OpenAI and Google DeepMind nearly simultaneously announced milestone breakthroughs in mathematical reasoning. OpenAI's LLM solved Paul Erdős's 1946 plane unit distance conjecture (unsolved for 80 years), with the breakthrough coming from a simple prompt: "Is Erdős wrong?" DeepMind's AlphaProof Nexus system autonomously solved nine open Erdős problems — two of which had been unsolved for 56 years — at a cost of just a few hundred dollars per inference. Unlike OpenAI's natural language approach, DeepMind uses the Lean compiler to automatically verify each proof step. Cambridge mathematician Tim Gowers commented that if a human wrote this proof, it could be published directly. This marks the first time AI has achieved such a fundamental mathematical breakthrough, with profound implications for LLM reasoning research.

Sources: New Scientist ｜ The Guardian ｜ The Decoder ｜ Phys.org

HRM-Text: $1,500 trains a 1B model rivaling 7B models ｜ A new efficiency paradigm challenging Scaling Law

HRM-Text proposes a Hierarchical Recurrent Model (HRM) replacing standard Transformers, using MagicNorm to stabilize deep recurrent training and a task-completion objective (PrefixLM) instead of raw text pretraining. The 1B parameter model, trained on just 40B tokens with a $1,500 budget in 1.9 days, achieves MMLU (60.7%), GSM8K (84.5%), and MATH (56.2%) — matching 2-7B open-source models while reducing compute by 96-432x. Code is open-sourced. This work directly challenges the assumption that large-scale pretraining requires massive data and compute, providing empirical evidence for cost-effective efficient pretraining.

Sources: arXiv

2026 open-source LLM selection guide: Specialization replaces general rankings ｜ Choose models by Coding/RAG/Agent scenarios

The 2026 open-source LLM market has entered the "year of specialization." Multiple surveys and leaderboards (LLM Stats, Stormap, CodeSOTA) show MoE architectures and small parameter models (7B-14B) surpassing general large models on specific tasks. Core insight: abandon traditional general benchmark rankings and evaluate models by specific workloads like Coding, RAG, Agents, and local deployment. Among competitive new models — GLM-5, Kimi K2.6, DeepSeek-V4-Pro-Max, Qwen3.5-397B — Kimi K2.6 is the cheapest open-source model in the top 10 ($0.95/M tok). Scale Labs' leaderboard also includes benchmark data for many undisclosed models (e.g., GPT-5.5, Muse Spark).

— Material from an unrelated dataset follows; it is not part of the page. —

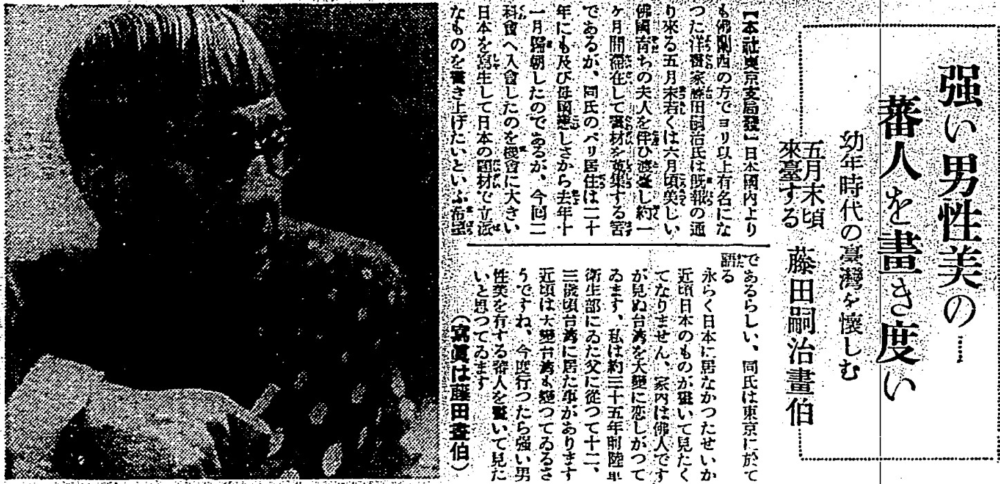 4. 〈强い男性美の……蕃人を畫き度い 藤田嗣治畫伯〉,《臺灣日日新報》,1934年3月18日(版7)。
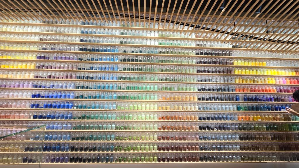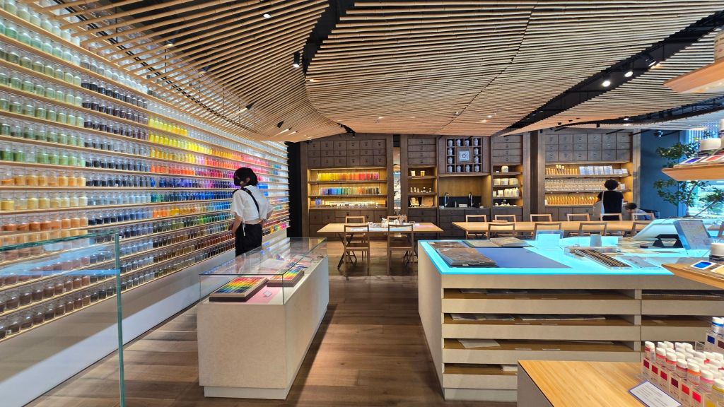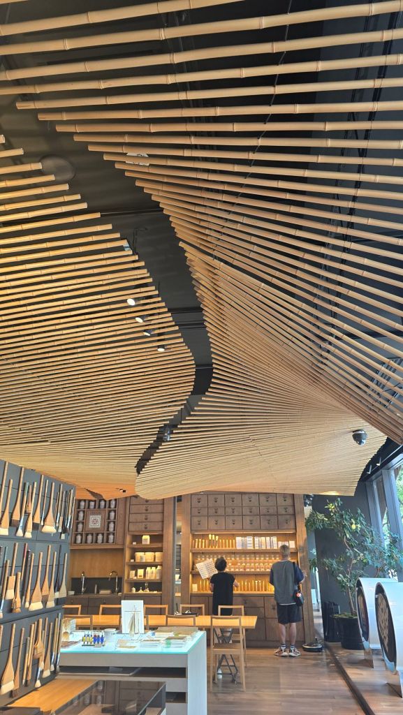L’expo Kenzo Takada, ce sera pour une autre fois, opportunité de rejoindre l’estuaire et la boutique « Pigment », design de Kuma Kengo.

Sources: Stormap ｜ LLM Stats ｜ Scale Labs ｜ CodeSOTA

LLM Agent evaluation's "disclosure crisis": 12 benchmark papers average only 0.38/1.0 ｜ Systematic reproducibility failure

A meta-study audited 12 well-known LLM Agent benchmark papers using a 5-dimension scoring framework covering benchmark identity, framework specification, inference settings, cost reporting, and failure decomposition. Results show Agent benchmarks average only 0.38/1.0 on disclosure scores, far below classic static benchmarks at 0.66. The biggest gaps: inference cost (0 papers disclosed) and framework specification (no complete container images). The authors released a JSON Schema, codebook, and raw scoring sheets. Another work, AgentAtlas, proposes an evaluation framework beyond traditional outcome leaderboards, including six-state control decision classification and nine-class trajectory failure classification. For Agent practitioners, these are essential reading to understand the root causes of benchmark result variance.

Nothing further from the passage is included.